Why not use the Journal Impact Factor: a Seven Point Primer

By Iddo on October 11th, 2013

After a series of tweets and a couple of Facebook posts about the problems of the Journal Impact Factor (JIF), I was approached by a colleague who asked me: “so why are you obsessed with this”? My answer was that it irks me that I have to use the JIF next to my publications in so many different reports (grant reports, university annual activities, proposals, etc.) since it is a bad metric to evaluate the merit of my papers, and as a scientist, I do not like using bad metrics.

I assume that many readers of my blog constitute the proverbial choir on which my preaching would be wasted.

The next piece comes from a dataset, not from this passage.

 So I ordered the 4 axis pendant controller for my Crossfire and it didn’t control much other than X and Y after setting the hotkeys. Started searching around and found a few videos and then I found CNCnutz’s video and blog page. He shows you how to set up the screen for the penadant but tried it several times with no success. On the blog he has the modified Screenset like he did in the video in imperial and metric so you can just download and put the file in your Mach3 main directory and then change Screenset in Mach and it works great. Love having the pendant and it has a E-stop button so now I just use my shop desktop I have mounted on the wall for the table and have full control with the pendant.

Specifically, those who understand what the Thomson-Reuters Journal Impact Factor is, and how became such a poorly-understood and overused and abused metric. However, for those who have no idea what I am talking about, or for those who are thinking “what is wrong with the Impact Factor”? this post would hopefully be informative, if not valuable. It is a brief post. There was a lot written about the JIF, and the plausible alternatives that can be used to assess journal quality and impact, and I provide a list of further reading material sources at the end. Finally, for those who, like me, think that there are many wrong things with this metric and its use, and would like to convey that information, I hopefully provide some basic arguments.

What is the Journal Impact Factor?

The JIF is supposed to be a proxy for a journal’s impact: i.e. how much influence the journal has in the scientific community. It is calculated as follows:

A = number of times that articles published in the journal in years X-1 and X-2 from this journal were cited in year X

B = number of citable items in the journal in years X-1 and X-2

JIF(X) = A/B

Seems simple enough. The ratio of the number of citations to the number of publications. The higher the ratio, the more the articles are being cited. Therefore, the journal’s impact is higher.

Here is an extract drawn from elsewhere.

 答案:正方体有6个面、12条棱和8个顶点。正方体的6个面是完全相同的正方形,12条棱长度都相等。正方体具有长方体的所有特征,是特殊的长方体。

Why is the JIF a bad metric? There are several reasons.

I. The JIF does not measure what it’s supposed to measure

1. The distribution of citations over articles in highly biased

An editorial in Nature from 2005 stated that:

For example, we have analysed the citations of individual papers in Nature and found that 89% of last year’s figure was generated by just 25% of our papers.

Furthermore:

The most cited Nature paper from 2002–03 was the mouse genome, published in December 2002. That paper represents the culmination of a great enterprise, but is inevitably an important point of reference rather than an expression of unusually deep mechanistic insight. So far it has received more than 1,000 citations. Within the measurement year of 2004 alone, it received 522 citations. Our next most cited paper from 2002–03 (concerning the functional organization of the yeast proteome) received 351 citations that year. Only 50 out of the roughly 1,800 citable items published in those two years received more than 100 citations in 2004. The great majority of our papers received fewer than 20 citations. (Emphases added my me).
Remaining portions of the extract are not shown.